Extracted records
+ + + + + + +

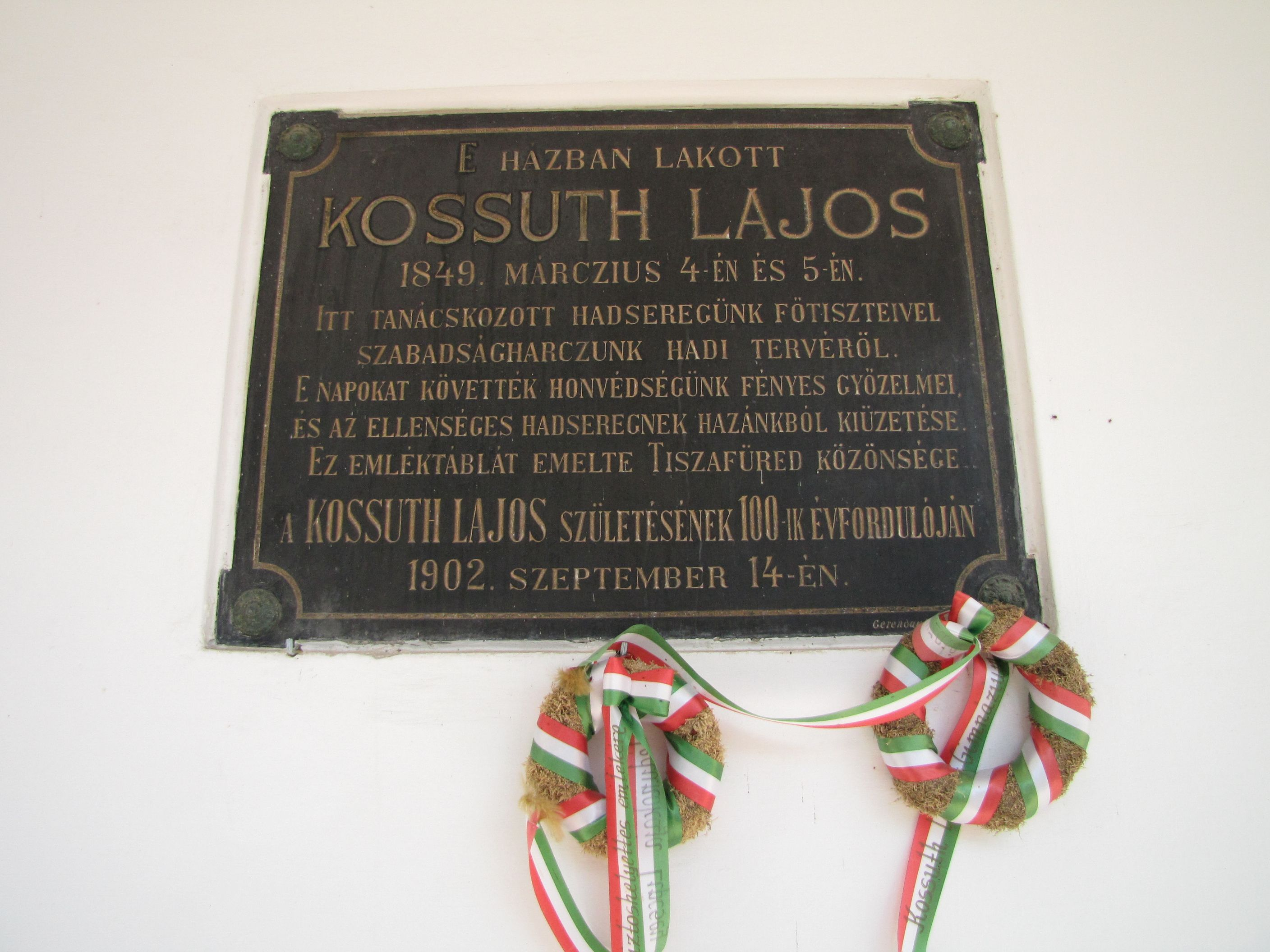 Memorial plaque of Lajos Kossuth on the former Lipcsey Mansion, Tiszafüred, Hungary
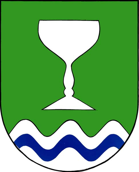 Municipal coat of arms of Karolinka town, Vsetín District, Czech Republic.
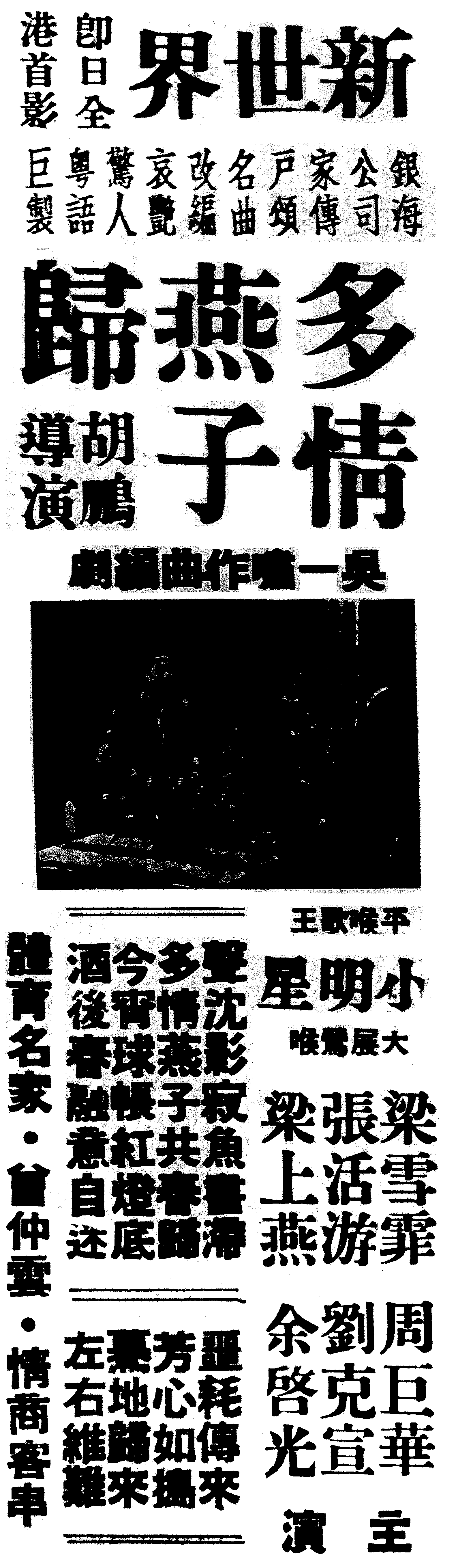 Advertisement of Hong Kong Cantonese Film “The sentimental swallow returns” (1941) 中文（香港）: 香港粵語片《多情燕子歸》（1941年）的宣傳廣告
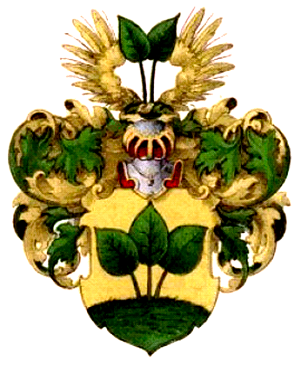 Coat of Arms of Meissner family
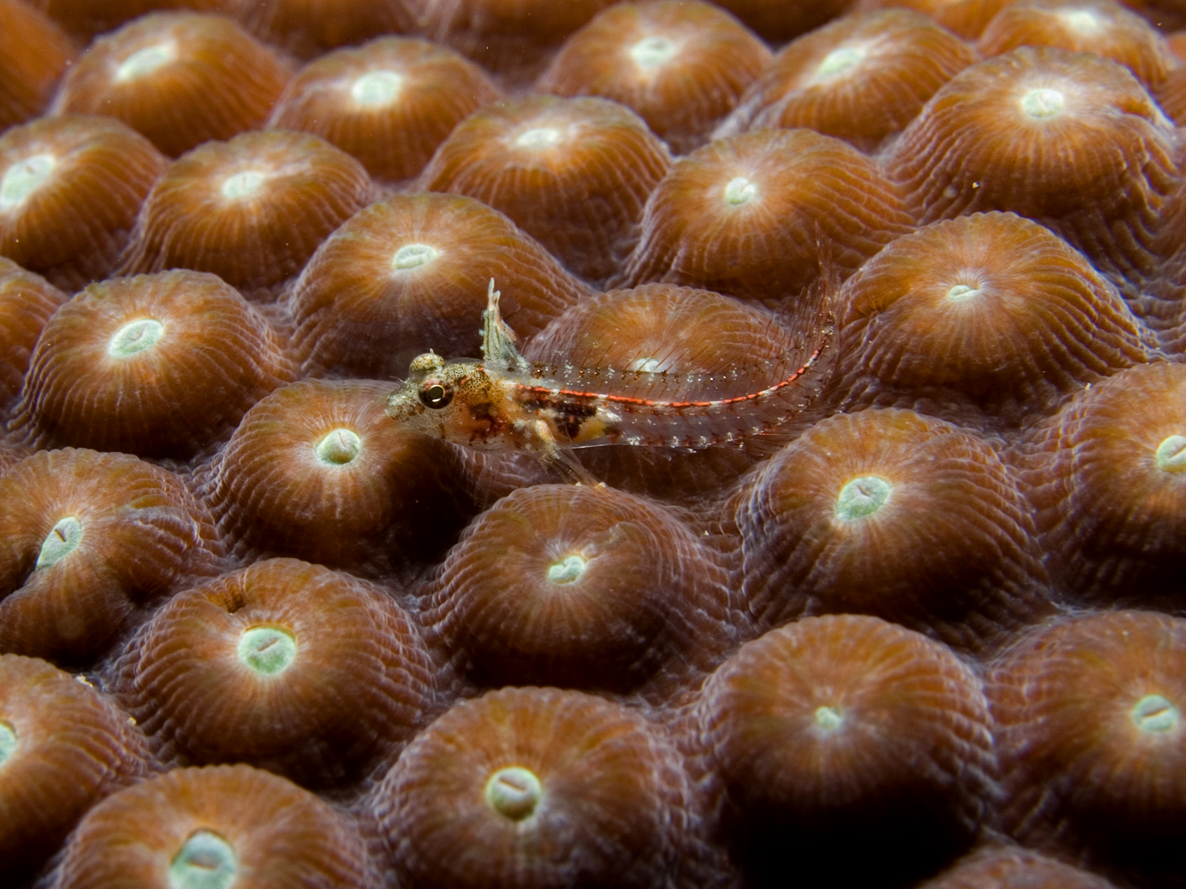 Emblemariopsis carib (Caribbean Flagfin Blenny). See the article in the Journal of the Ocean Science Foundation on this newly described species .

+ + + + + + +

What the exercise asks
Before answering, please find the line containing "Municipal coat of" above, then copy exactly from it through the last line of the entries, both included, without pictures.

Exercise answer
 Municipal coat of arms of Karolinka town, Vsetín District, Czech Republic.
 Advertisement of Hong Kong Cantonese Film “The sentimental swallow returns” (1941) 中文（香港）: 香港粵語片《多情燕子歸》（1941年）的宣傳廣告
 Coat of Arms of Meissner family
 Emblemariopsis carib (Caribbean Flagfin Blenny). See the article in the Journal of the Ocean Science Foundation on this newly described species .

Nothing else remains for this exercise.